20 October 2006

Saving Read Papers

I'm going to have a go at doing a mini-poll. Basically, I'm interested in whether or not papers you have read (and, presumably, find interesting) find their way into a permanent spot on your machine or your physical space. Please vote :).


How do you archive papers you have read?
I save most of them to a directory on my machine
I bookmark most of them in my browser
I print most of them and save them in a filing cabinet
I same them in some other way that allows easy electronic access
I same them in some other way that allows easy physical access
I don't save them
  

9 comments:

Anonymous said...

I actually do two of these -- shame the poll won't let me select more than one option...

Anonymous said...

for mac users,

http://bibdesk.sourceforge.net/

it's perfect.

Anonymous said...

I've been using del.iciou.us for quite a while and find it much easier to use than the bookmark manager in my browser. The ability to add "tags" to the URL's provides easy categorization for future lookup.

Anonymous said...

My answer is: multiple. I keep hierarchical directories of .pdf / .ps papers (along with notes, papers in development, presentations, etc.) in an SVN repository, because I use multiple machines. I'm thinking of setting up some kind of searchable database or wiki but haven't invested the time. For reading research papers, I print them out and write/highlight (extensively) on them, then file them away in folders.

Anonymous said...

DevonThink is another useful too for Mac users. Being a Linux user, I haven't tried it out, but I hear it's excellent.

gringo said...

I save them and print the ones I want to read.
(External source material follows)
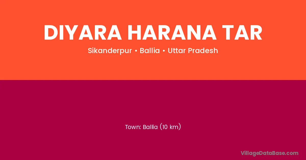 Ballia (10 km) is the nearest town to Diyara Harana Tar village for major economic activities and is located approximately 10 km away.

del.icio.us addiction has led me to half-finishing a Python script that lets me tag and look up papers from the command line. I'll get around to it if I can ever dig myself out from under all these papers ;)

Anonymous said...

I like del.icio.us, but the downside of using it for scientify papers is that it doesn't support saving bibliographic infos.

Site like Connotea or CiteULike do that better, but there are several of them (Bibsonomy is another one) and I am not sure which one to take to benefit from other users (the "social" aspects)

Anonymous said...

Arriving a bit late, I have a triplet: I save them to a local directory (laptop), I print the important/interesting ones (so I can write notes on the actual paper) and recently i have discovered the google spreadsheets thingy so I can access the links and my notes from any machine and I can share sources with colleagues. For some reason I don’t like the del.icio.us, probably it’s just about getting used to it.